Corporate earnings are still strong

SCHD ETF soared to a record high last week

The other catalyst for the SCHD ETF is that corporate earnings are still strong. While companies like Tesla, Intel, and Amazon have made headlines, most companies have reported solid financial results. 

Data by Factset shows that 75% of all companies in the S&P 500 index have published their second-quarter earnings. Of these analysts, 78% of them have reported a positive EPS surprise while 60% have beaten their revenues.

The revenue growth rate has been strong, with the average rate coming in at 11.50%, its highest point since Q4 of 2021. Companies have also released positive earnings growth revisions. 

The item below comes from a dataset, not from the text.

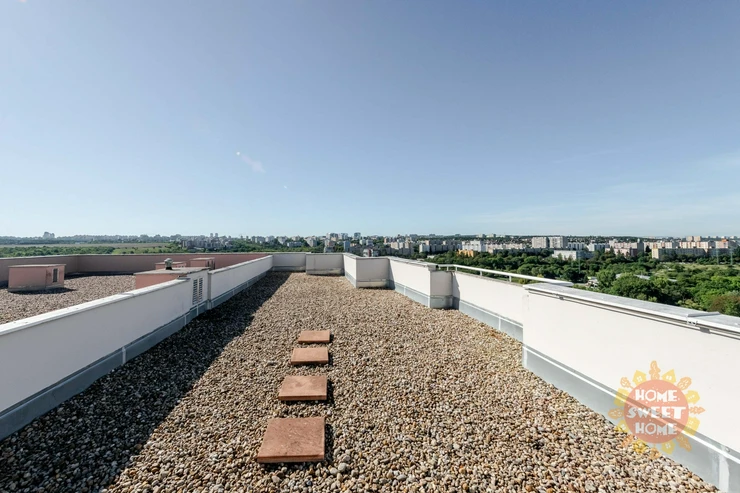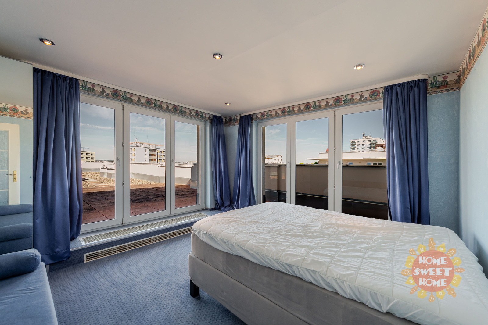 The apartment is designed to meet the needs of families. The apartment is partially furnished and consists of an entrance hall, two spacious bedrooms and one children's room, which can be converted into a study, two bathrooms with toilets (shower and bathtub), a spacious living room with French windows and an equipped kitchenette (dishwasher, built-in refrigerator with freezer, electric All rooms have their own access to a large roof terrace with beautiful panoramic views of the surrounding area. The terrace, with an incredible area of 150m2, provides an ideal place for family gatherings or barbecues in the warm months.

Therefore, a combination of higher earnings growth and Federal Reserve rate cuts will likely lead to more upside for the SCHD ETF in the long term. Besides, the fund has a long history of rising since it was trading at $17 in its inception and has rallied to over $80 today. 

In this period, the fund has suffered a bear market three times: August 2025, March 2020, and January 2022. It has always bounced back after these bear market movements and recently jumped to a record low.

Therefore, there is a likelihood that the SCHD ETF will bounce back later this year as the conditions improve.